Oof... At work we deal with clients whose projects are covered by NDAs and confidentiality agreements, among other things. This is bad enough if the information scanned is siloed per organization, as it could create a situation where somebody not under NDA could access confidential client info leaked by an LLM that ingested every PDF in Adobe's cloud service without regard to distribution. Even worse if they're feeding everything back into a single global LLM -- corporate espionage becomes as simple as a bit of prompt engineering!
I highly doubt that they would be able to use private user data for training. Using data available on the internet is a bit legally grey, but using data that is not publicly available would surely be illegal.
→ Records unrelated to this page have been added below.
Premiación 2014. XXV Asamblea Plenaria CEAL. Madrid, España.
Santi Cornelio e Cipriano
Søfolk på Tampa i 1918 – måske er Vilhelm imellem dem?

When the document is "read" by the LLM it is no longer training, so it won't store the data and be able to regurgitate it.*
* that is, if they have designed this in an ethical and legal way 🙃
They will use every scrap of data you haven’t explicitly told them not to use, and they will make it so that the method to disable these ‘features’ is little known, difficult to understand/access, and automatically re-enabled every release cycle.
When they are sued, they will point to announcements like this and the one or two paragraphs in their huge EULA to discourage, dismiss, and slow down lawsuits.
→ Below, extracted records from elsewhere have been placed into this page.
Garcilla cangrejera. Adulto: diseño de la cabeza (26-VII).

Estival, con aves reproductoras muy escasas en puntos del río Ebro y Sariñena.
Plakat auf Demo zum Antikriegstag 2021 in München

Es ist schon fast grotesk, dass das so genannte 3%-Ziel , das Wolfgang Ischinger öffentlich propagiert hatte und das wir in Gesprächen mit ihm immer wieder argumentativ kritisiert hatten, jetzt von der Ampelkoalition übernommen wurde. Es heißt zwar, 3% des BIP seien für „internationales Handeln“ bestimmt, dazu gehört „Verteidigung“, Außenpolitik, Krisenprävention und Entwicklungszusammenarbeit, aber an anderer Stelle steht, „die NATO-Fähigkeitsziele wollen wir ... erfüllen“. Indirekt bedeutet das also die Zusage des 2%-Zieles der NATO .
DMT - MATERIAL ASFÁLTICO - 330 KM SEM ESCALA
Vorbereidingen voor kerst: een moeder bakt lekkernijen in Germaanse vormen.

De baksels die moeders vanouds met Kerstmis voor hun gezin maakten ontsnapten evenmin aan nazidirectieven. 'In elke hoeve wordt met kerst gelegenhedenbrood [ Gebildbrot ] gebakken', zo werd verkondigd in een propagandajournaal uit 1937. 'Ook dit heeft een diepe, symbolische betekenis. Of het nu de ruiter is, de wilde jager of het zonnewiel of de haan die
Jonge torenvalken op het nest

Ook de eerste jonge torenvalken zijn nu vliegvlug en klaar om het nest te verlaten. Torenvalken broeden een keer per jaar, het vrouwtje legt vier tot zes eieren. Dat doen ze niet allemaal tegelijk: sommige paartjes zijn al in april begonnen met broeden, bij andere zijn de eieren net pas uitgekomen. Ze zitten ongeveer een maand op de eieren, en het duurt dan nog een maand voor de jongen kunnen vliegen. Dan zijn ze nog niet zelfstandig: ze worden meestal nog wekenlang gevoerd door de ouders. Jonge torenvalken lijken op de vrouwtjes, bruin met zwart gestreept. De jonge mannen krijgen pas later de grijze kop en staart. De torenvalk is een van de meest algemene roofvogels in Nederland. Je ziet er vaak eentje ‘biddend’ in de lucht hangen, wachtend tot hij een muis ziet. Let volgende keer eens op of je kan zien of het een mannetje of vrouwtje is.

I suspect that they will explicitly advertise that they won't be using any data for training. Just like Microsoft Copilot enterprise (or whatever it's called) and Bing chat enterprise.
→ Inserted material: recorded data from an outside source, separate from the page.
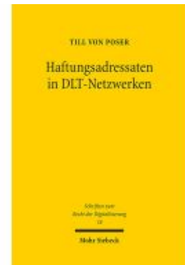
Haftungsadressaten in DLT-Netzwerken
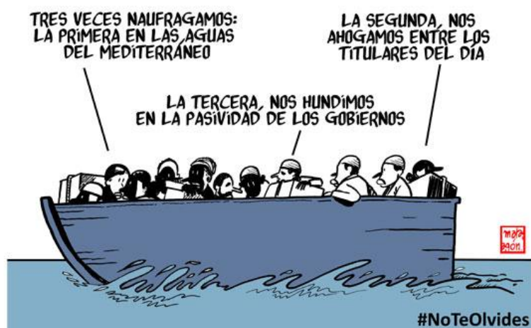
Imagen 16: Reclamo de 10 ONG y 30 artistas para que las personas refugiadas no caigan en el olvido bajo el lema #SinSalida.
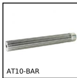
Barra dentata, AT10
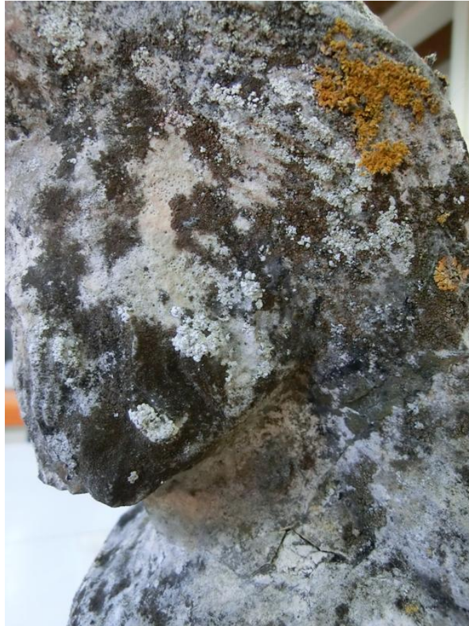
Imagem 11 - Colonização biológica intensa, cabeça de São Joaquim
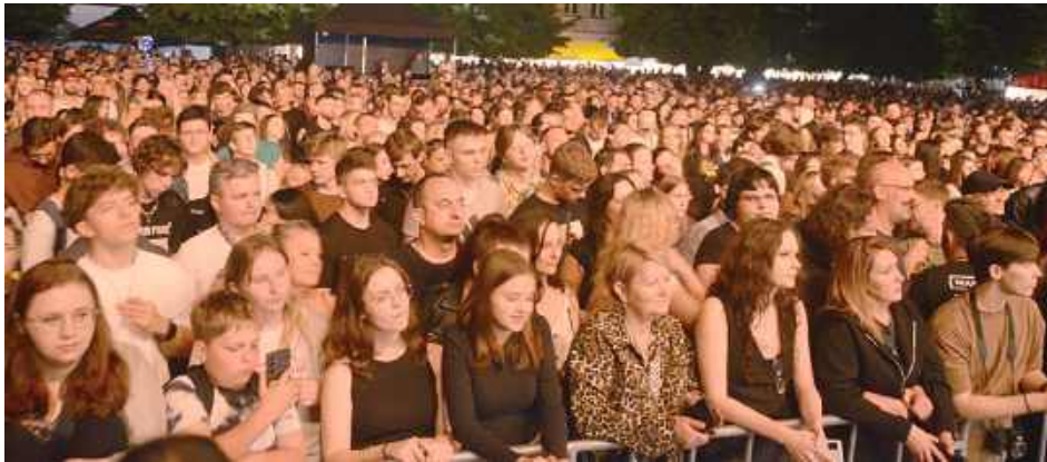
Plac przy BCK pękał w szwach
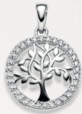
24-460 Anhängen Silber 925/- Zirkonia* 55,00
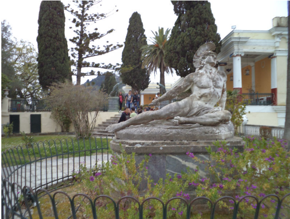
Ο θνήσκων Αχιλλεύς
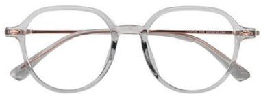
透浅绿 C66 Green
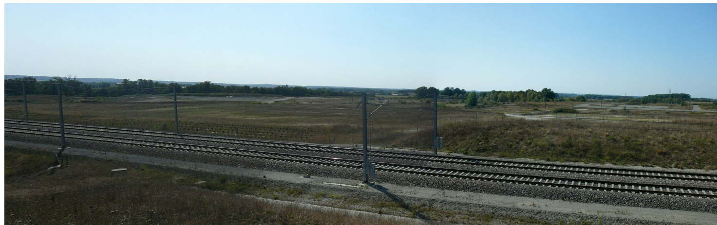
PC8-2 Vue du site depuis la zone du Plessis, au Nord-Est

Companies absolutely know the risk with these systems and will never allow or buy a system that scans and saves their data.
I had a second part of my comment that I left off because I felt like I was hitting the point too hard, but…
I have firsthand knowledge of an organization that’s a GCC tenant. That’s the government cloud, and in mid-2022 Microsoft rolled out a product called Microsoft Viva without first consulting with platform admins. They just pushed it out into M365, activated and enabled. A personalized automated email was sent out to every person within the org, from Microsoft.com, with snippets of emails deemed to be follow up items by “Cortana” - which platform admins had disabled on every computer within the org. It was pretty clear that Microsoft had exfiltrated government data, analyzed it, and then sent emails to users regarding their analysis.
Platform admins did find a way to disable it within a few days, and leadership sent out an email characterizing the episode as a misconfigured, early release feature to assuage concerns. They promised to get to the bottom of it with Microsoft, and nothing was ever heard about it again.
Then earlier this year - multiple pushes of consumer apps and features which are not released on the GCC roadmap. Automatic install of New Teams, which - thankfully, displays a message that the user isn’t licensed for it, but that creates IT tickets because it auto-launches and disables classic teams from auto-launching. Lots of user confusion there. New Outlook, which didn’t support data classification, multiple mailboxes, and many of the features that make Outlook useful. It’s been a huge boondoggle as users have enabled new Outlook, and then don’t know how to switch back to a working version of Outlook. Recently everyone’s PowerBI began failing to launch, because Microsoft rolled out a OneDrive/SharePoint integration without testing it. Same with HP Print manager.
My point in all that is not just to have a laundry list of Microsoft failures. I have a list for Adobe, too, but it’s to establish that updates are not vetted, and often just pushed into the wrong update channels.
When pressed, it’s always a ‘configuration error’ or an accidental early release. A bug or what-have-you.
The line from annoying to dangerous is going to be quickly crossed once these companies start training AI on the harvested PII and government data they’ve procured through the sloppy deployment practices they’re already engaged in.
I guarantee you that rogue hackers and nation states alike are working on fuzzing every AI dataset they can, to see if it picked up anything juicy. Once Adobe gets their hands on everyone’s scanned health record, classified documents, and credit card application, we’re going to see an endless stream of ‘whoopsies.’
A corporation that charges a monthly subscription for products it could sell outright. Offers it to students at a time when they are most likely to develop habits in it, uses a proprietary storage format that only works well with their products.
Once you get a customer addicted, you've got them for life.